Rhyming is a very important literacy skill that prepares kids for reading. Children love to be active participants in their learning, and they love it even more when grownups play with them. What’s more, this rhyming game is free and only takes about 10 minutes to make! This game ticks all the boxes, in my book.
- Index cards (or sturdy paper/thin cardboard to cut up)
- Pencil, crayons, etc.
- Scissors, if using paper to cut up
Cost: It’s free! If you don’t have index cards on hand, just use cardstock or thick paper to cut into cards. You can even get creative and use thinner cardboard from boxes or containers that you would have recycled.
However, it’s well worth getting index cards on hand (they’re one of our must-have tools for teaching kids to read), and you can usually pick some up for under $2!
Step 1: Gather or cut out 40 index cards, and create 10 sets of 4 cards each.
Step 2: Each set of four cards will be its own rhyming family. With your child’s help, choose four rhyming words for each set, and write one on each card of the set. For example, one set might be “cat,” “sat,” “mat,” and “hat.” Another set might be “dog,” “log,” “frog,” and “bog.”

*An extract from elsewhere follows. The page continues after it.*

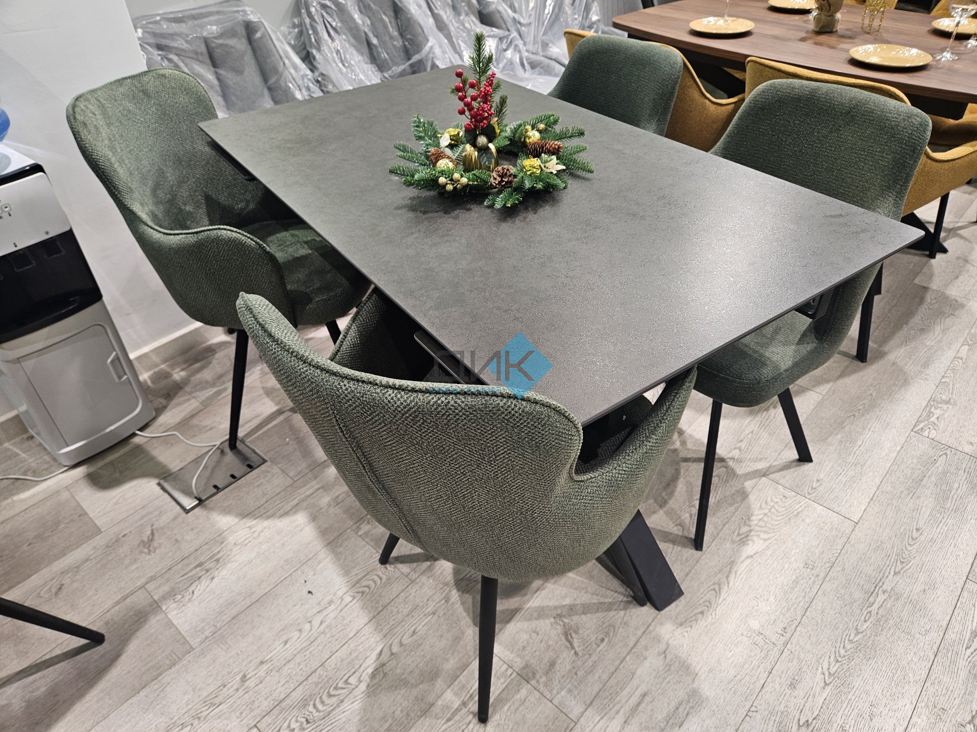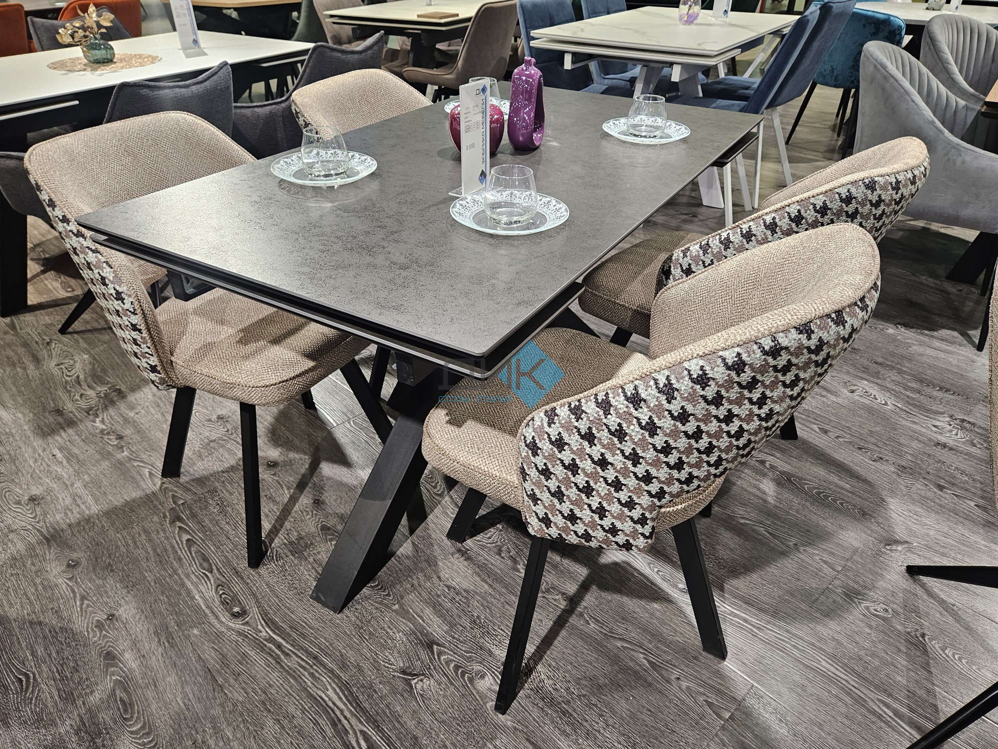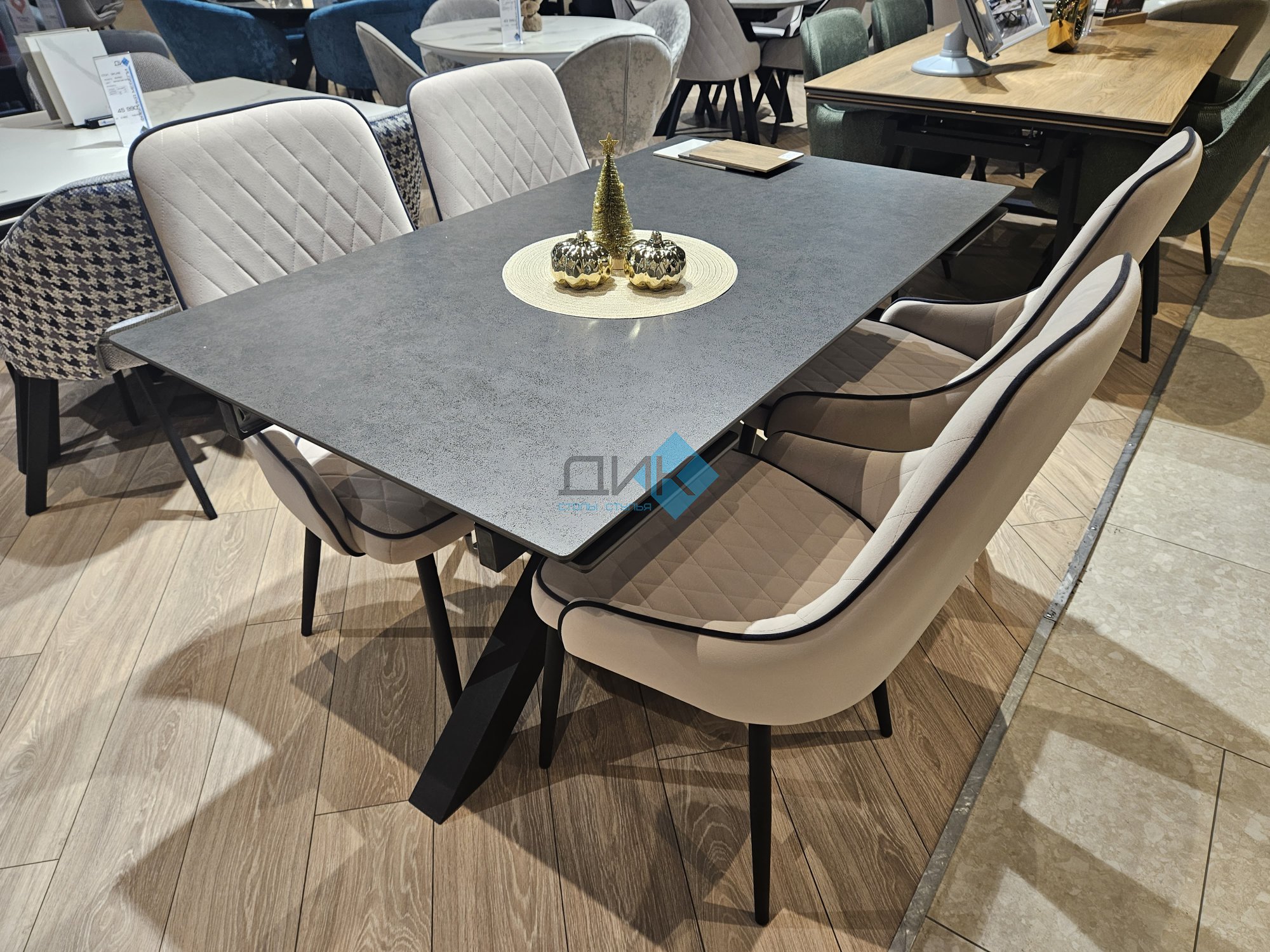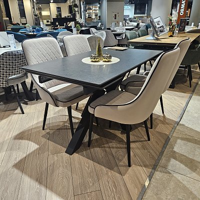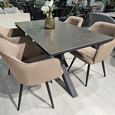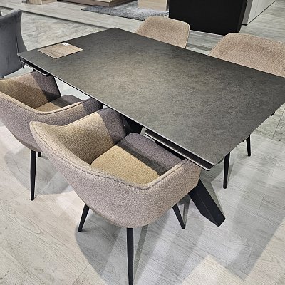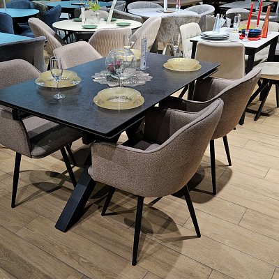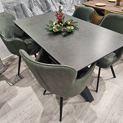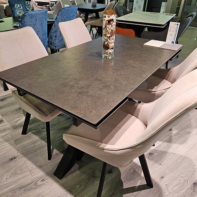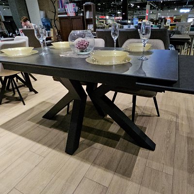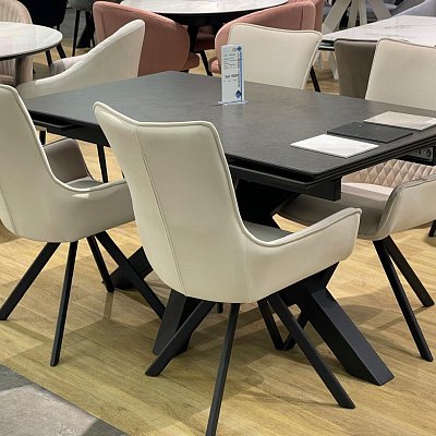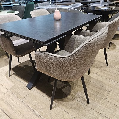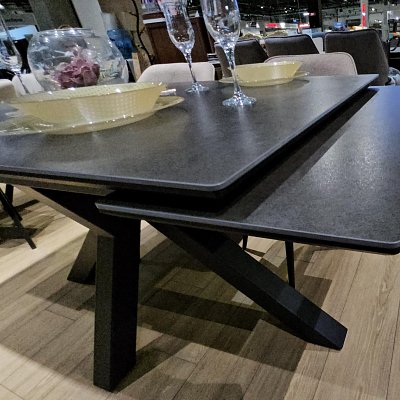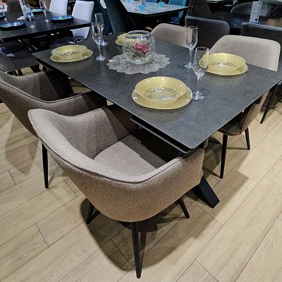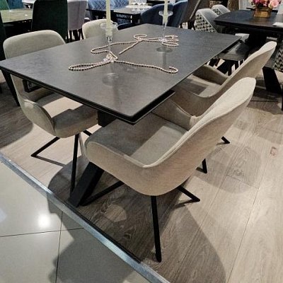 Стол с керамической столешницей - смотрится элегантно за счет тонких линий в конструкции подстолья и столешницы. Данная модель очень устойчива благодаря конструкции опор.

Tip: Write the words in crayon or pencil if your cards are on the thinner side, because markers may show through on the other side!
Step 3: After all the sets are complete, decorate with simple drawings of each item! This allows kids who aren’t reading yet to play. Rhyming is an important skill for pre-readers, so this step is key!
Tip: Make sure to only decorate the side with the word written on it. The backs should be blank, to avoid giving away matches during the game.
Step 4: Shuffle the cards and play Go Fish. The regular rules of seeking out matching pairs apply, but instead of asking for a number, ask for a rhyme. The person with the most sets of rhymes at the end wins!
As your child gains reading skills, you can modify the game. You can create sets that match in alliteration (i.e., their starting sounds match, like “cat” and “cup”) or make sets of two with homonyms (words that sound the same but have different meanings).
I’d love to know: How does your family make time to rhyme? Share your ideas!